TL, DR: There is no difference and they can be used interchangeably.
Besides having the same value as math.inf and float('inf'):
>>> import math
>>> import numpy as np
>>> np.inf == float('inf')
True
>>> np.inf == math.inf
True
It also has the same type:
>>> import numpy as np
>>> type(np.inf)
float
>>> type(np.inf) is type(float('inf'))
float
That’s interesting because NumPy also has it’s own floating point types:
>>> np.float32(np.inf)
inf
>>> type(np.float32(np.inf))
numpy.float32
>>> np.float32('inf') == np.inf # nevertheless equal
True
So it has the same value and the same type as math.inf and float('inf') which means it’s interchangeable.
Reasons for using np.inf
- It’s less to type:
np.inf(6 chars)math.inf(8 chars; new in python 3.5)float('inf')(12 chars)

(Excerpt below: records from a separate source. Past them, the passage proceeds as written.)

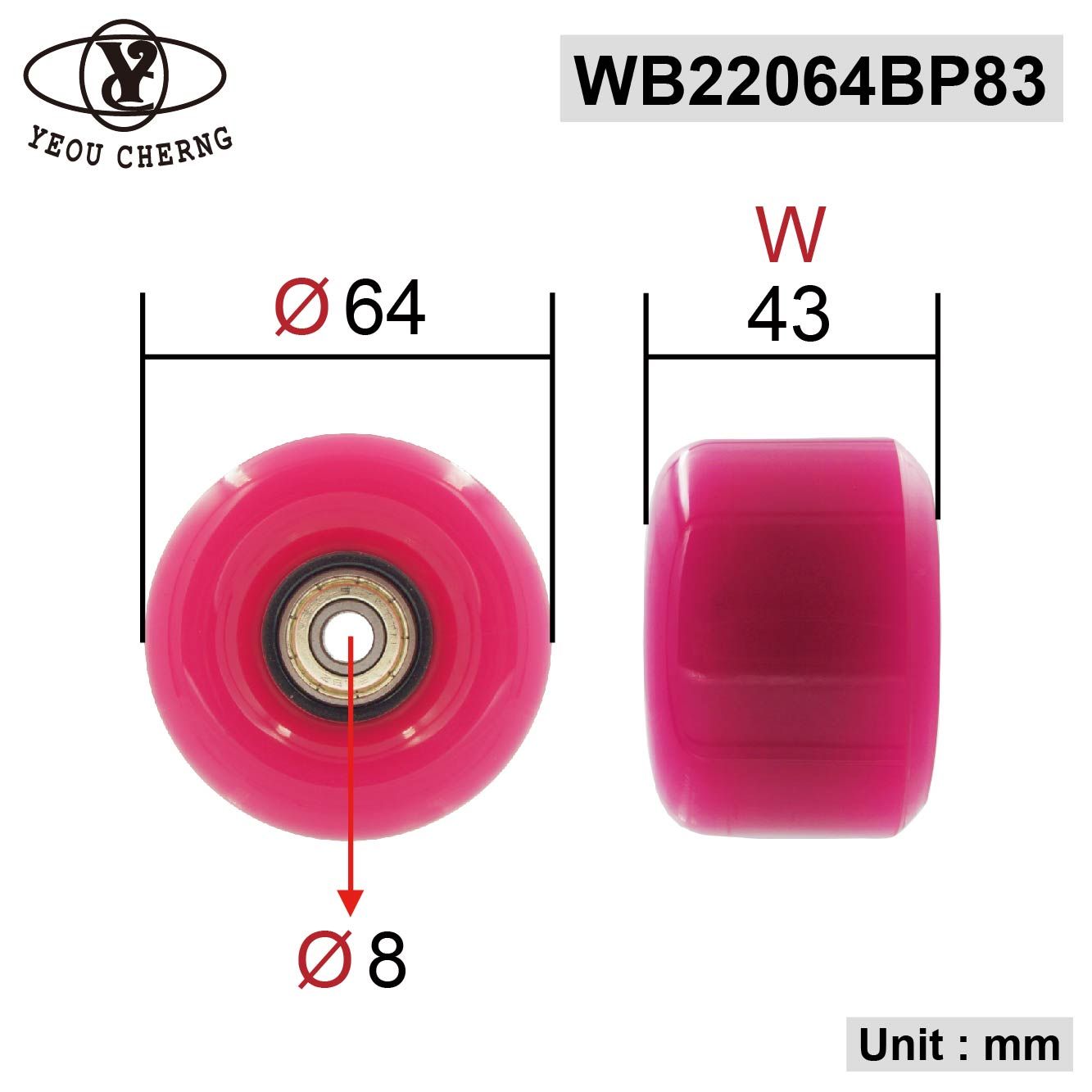 5. 64 x 43 mm 滑板輪,桃紅色PU外皮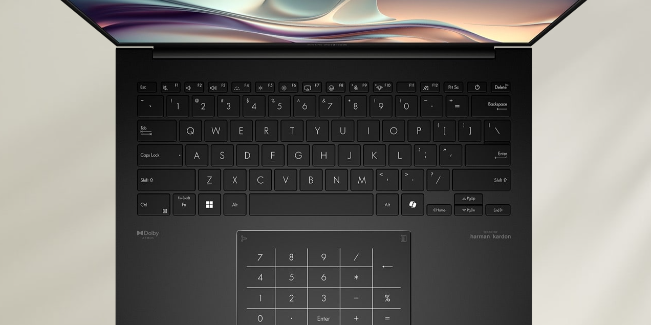 Nasza rewolucyjna technologia Quiet Keyboard (Cicha klawiatura) w elegancki sposób eliminuje uciążliwe dźwięki, zapewniając korzyści zarówno bezpośrednio w Twojej przestrzeni osobistej, jak i dla osób przebywających w pobliżu. Za jednym dotknięciem klawisza skrótu emotikonek nadasz swoim czatom dynamiki. Aby ułatwić wprowadzanie wielu danych liczbowych, touchpad oferuje funkcję wirtualnej klawiatury numerycznej ASUS NumberPad 2.0.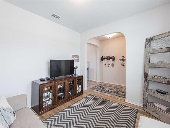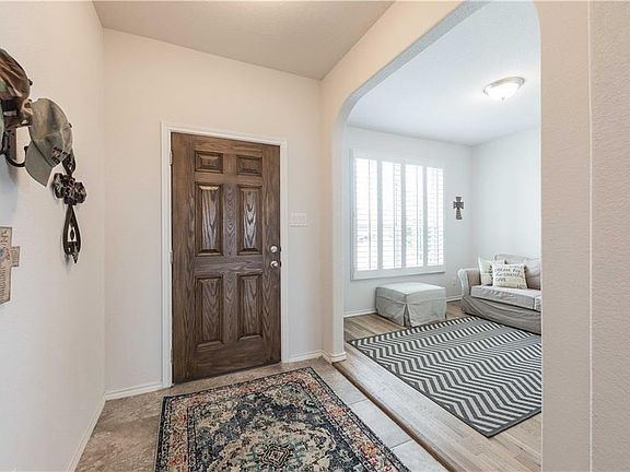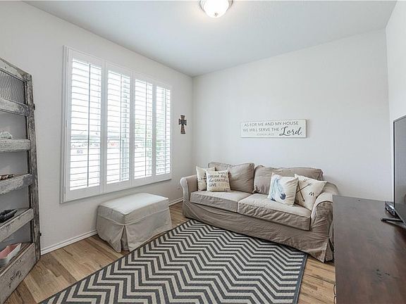 Beautiful house to call your home. Hand scraped wood floors, plantation shutters, corner lot. wonderful breeze on the back patio for sitting out to relax. 3 bedrooms, master is at back of house and other two are in the middle of the house. Very open feel with great kitchen and granite topped island to sit for breakfast.Los Alamos floor plan from D R Horton builder. 18 inch tile in all wet areas. Front room can be a study or den or a second living. 3 pools in subdivision, multiple sports fields, miles of walking trails,plus 200 acres of of parks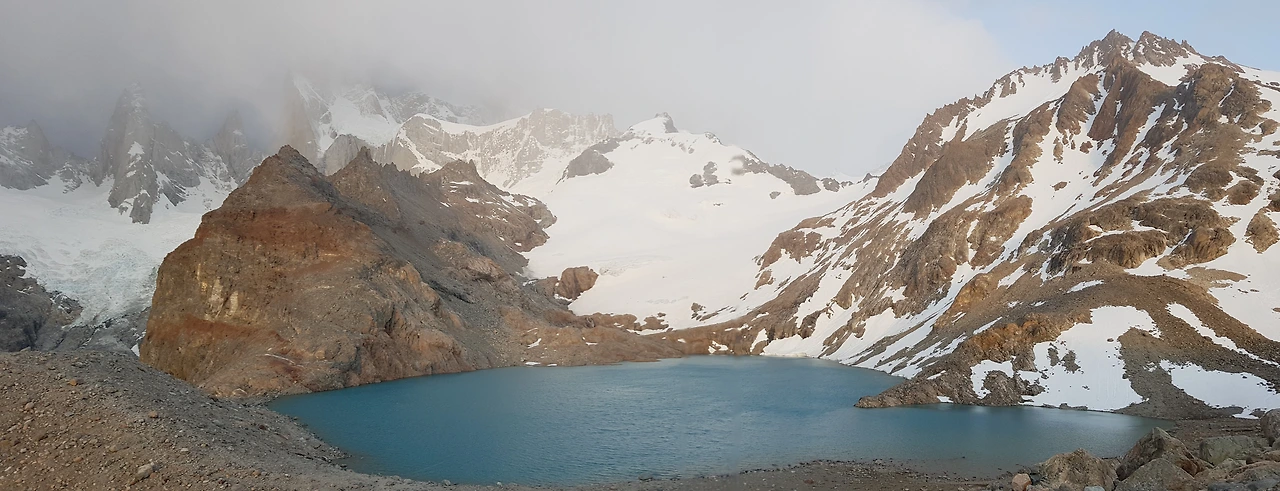 어두운 밤 달빛에 비치는 호수가 잔잔히 물결쳤다. 반짝반짝 힘들게 올라가는 중간에 다시 감탄을 자아내게 했다. 라구나 로스 뜨레스로 향하는 길, 편도 4시간 이라는데, 마지막 1시간이 정말 힘들다고 들었다. 역시나 그 말은 사실이었다. 처음에 올라가는 길과 오르막 빼고는 평탄하던 길이 갑자기 돌길로 바뀌었고 경사도가 높은 길을 치고 올라가야 했다.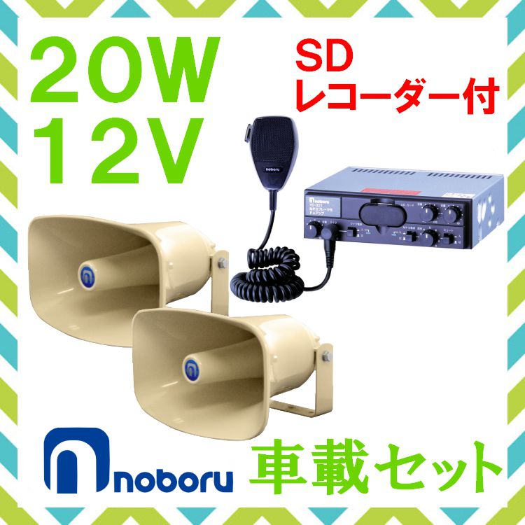 選挙車・宣伝車・広報車に最適のセットです!【セット内容】・ノボル電機 20W ホーンスピーカー NP-520 ×2 (定格入力:20W)・ノボル電機 40W SD付アンプ 12V用 YD-341B ×1(定格出力:40W、インピーダンス:4Ω・8Ω)・ハンドタイプマイクロホン(付属マイク)・スピーカーコードは別売です。※SDカードは付属しておりませんので、別途ご用意下さい。※北海道・沖縄・離島地域は、別途送料をご負担頂きます。

That means if you already have NumPy imported you can save yourself 6 (or 2) chars per occurrence compared to float('inf') (or math.inf).
- Because it’s easier to remember.
At least for me, it’s far easier to remember np.inf than that I need to call float with a string.
Also, NumPy defines some additional aliases for infinity:
np.Inf
np.inf
np.infty
np.Infinity
np.PINF
It also defines an alias for negative infinity:
np.NINF
Similarly for nan:
np.nan
np.NaN
np.NAN
- Constants are constants
This point is based on CPython and could be completely different in another Python implementation.
A float CPython instance requires 24 Bytes:
>>> import sys
>>> sys.getsizeof(np.inf)
24
If you can re-use the same instance you might save a lot of memory compared to creating lots of new instances. Of course, this point is mute if you create your own inf constant but if you don’t then:
a = [np.inf for _ in range(1000000)]
b = [float('inf') for _ in range(1000000)]
b would use 24 * 1000000 Bytes (~23 MB) more memory than a.
-
Accessing a constant is faster than creating the variable.
%timeit np.inf 37.9 ns ± 0.692 ns per loop (mean ± std. dev. of 7 runs, 10000000 loops each) %timeit float('inf') 232 ns ± 13.9 ns per loop (mean ± std. dev. of 7 runs, 1000000 loops each) %timeit [np.inf for _ in range(10000)] 552 µs ± 15.4 µs per loop (mean ± std. dev. of 7 runs, 1000 loops each) %timeit [float('inf') for _ in range(10000)] 2.59 ms ± 78.7 µs per loop (mean ± std. dev. of 7 runs, 100 loops each)
Of course, you can create your own constant to counter that point. But why bother if NumPy already did that for you.